Shaken by the gang violence in prisons, the government is rushing through plans to build two new high security jails this year and two more in 2006.

Violent crime in Guatemala increased after the government and leftist guerrillas signed peace agreements in 1996, as out-of-work former fighters turned to crime.

A weak legal system and poverty have added to the crime wave, and there is little sign the CAFTA regional trade deal signed with the United States a year ago will raise living standards much.

Apart from the gangs, Guatemala is blighted by common murders, kidnappings, rapes and lynchings. In a country of 15 million people, 4,300 were murdered last year, an extremely high homicide rate even by Latin American standards.

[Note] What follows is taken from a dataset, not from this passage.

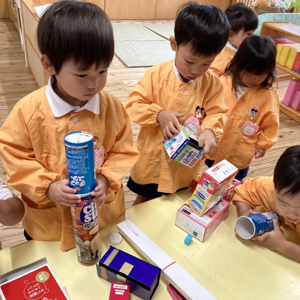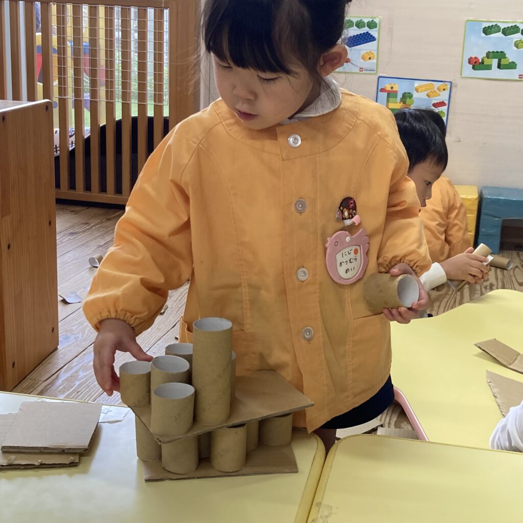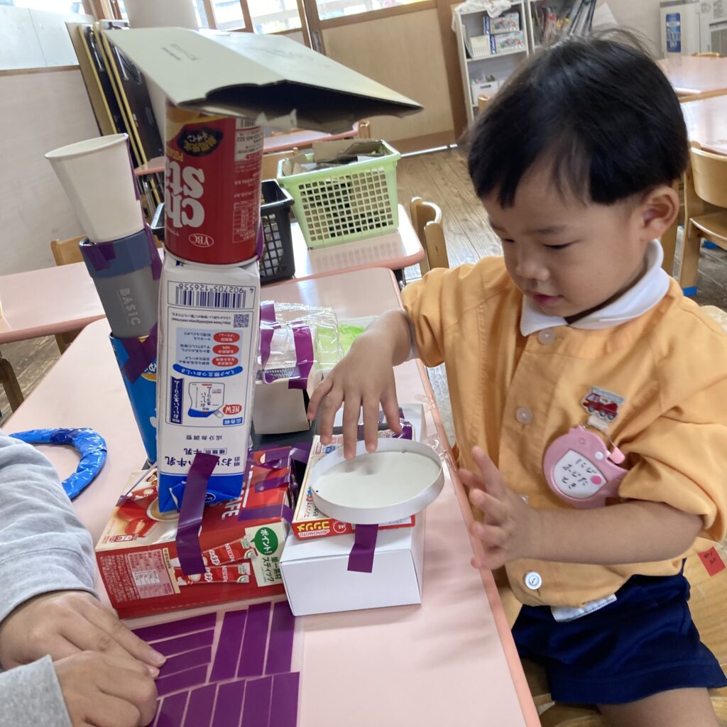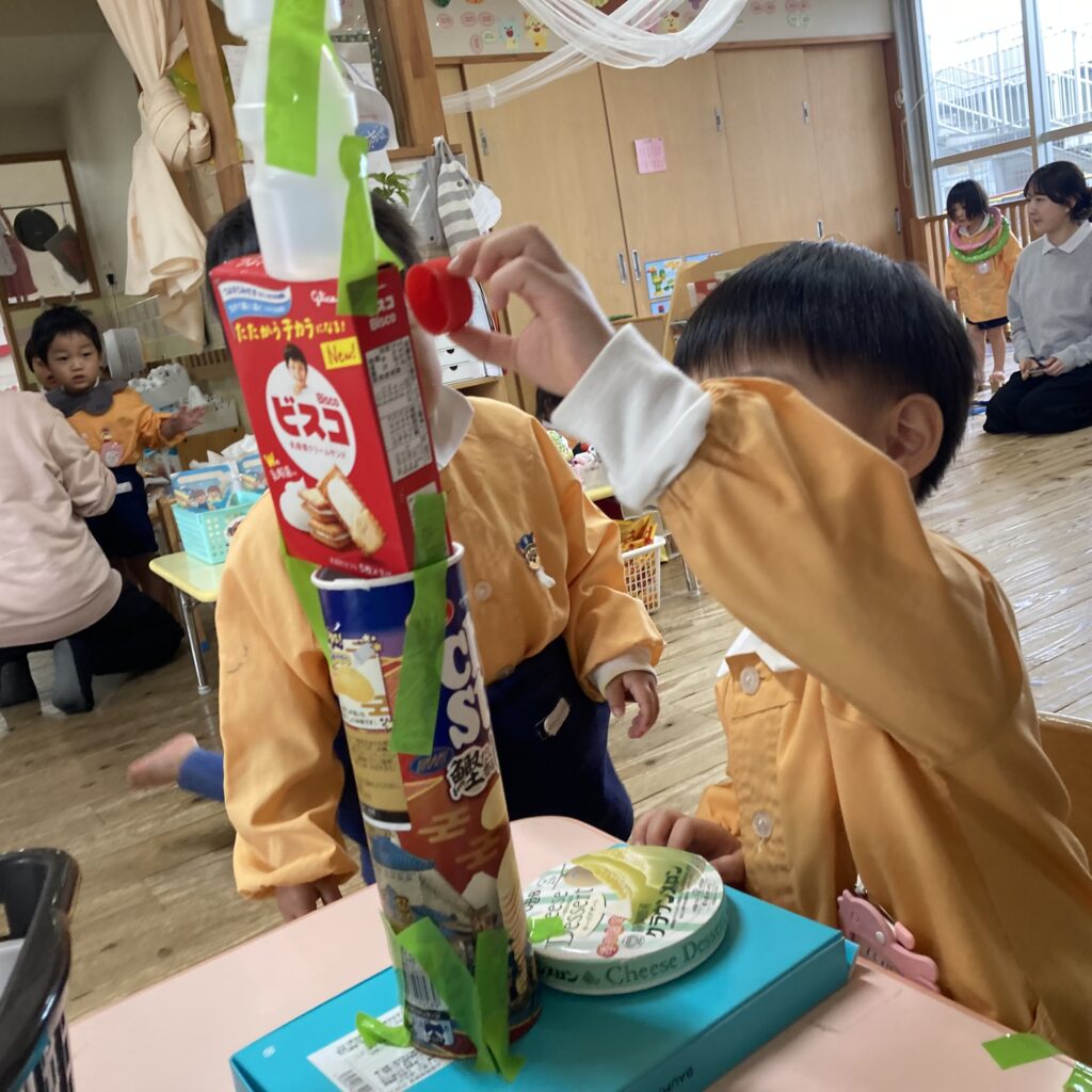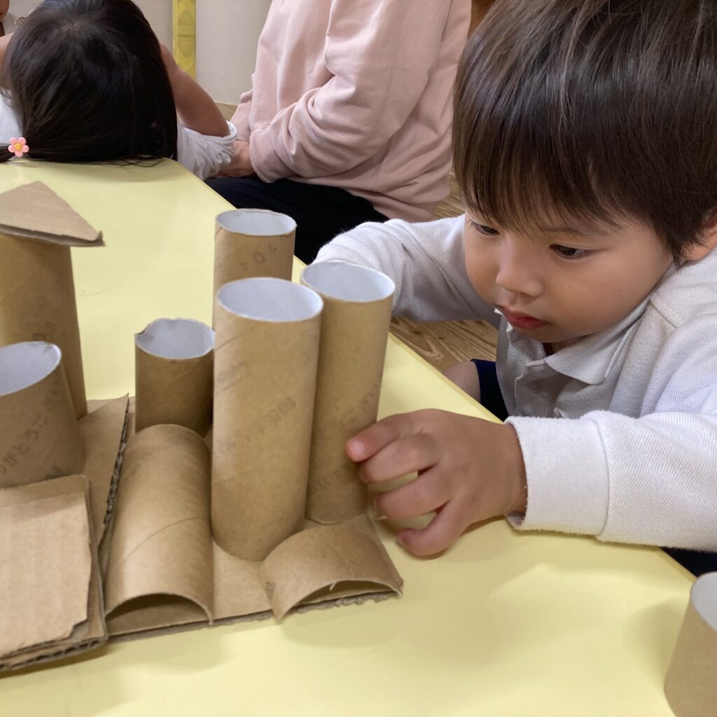ヤクルト容器を高く積み上げてタワーのようにしたり、ポテトチップスの筒箱を重ねて大きな構造物を作ったりと、集中して組み立てる姿が多く見られました。「もっと高くしたい!」と慎重に手を伸ばして積む子の姿や、うまくバランスがとれずに崩れてしまい「あー!」と悔しがる姿もあり、遊びの中でたくさんの試行錯誤を楽しんでいました。

Guatemala's prisons encourage, rather than prevent, crime, said Godoy from the IMASP anti-crime think tank. Extortionists and kidnappers often operate from behind bars, threatening victims via telephone.

"There is corruption among the guards which allows cell phones and everything else they need to get inside," she said.

In The Hole, prison guards, who receive $155 a month for working 12-hour shifts for eight days in a row, complain they receive bad food, shabby uniforms and have it harder than the inmates.

"We are more victims than they are, in fact worse. When their sentence is finished they go out into the street happy. We have to stay here," said a guard called Geronimo.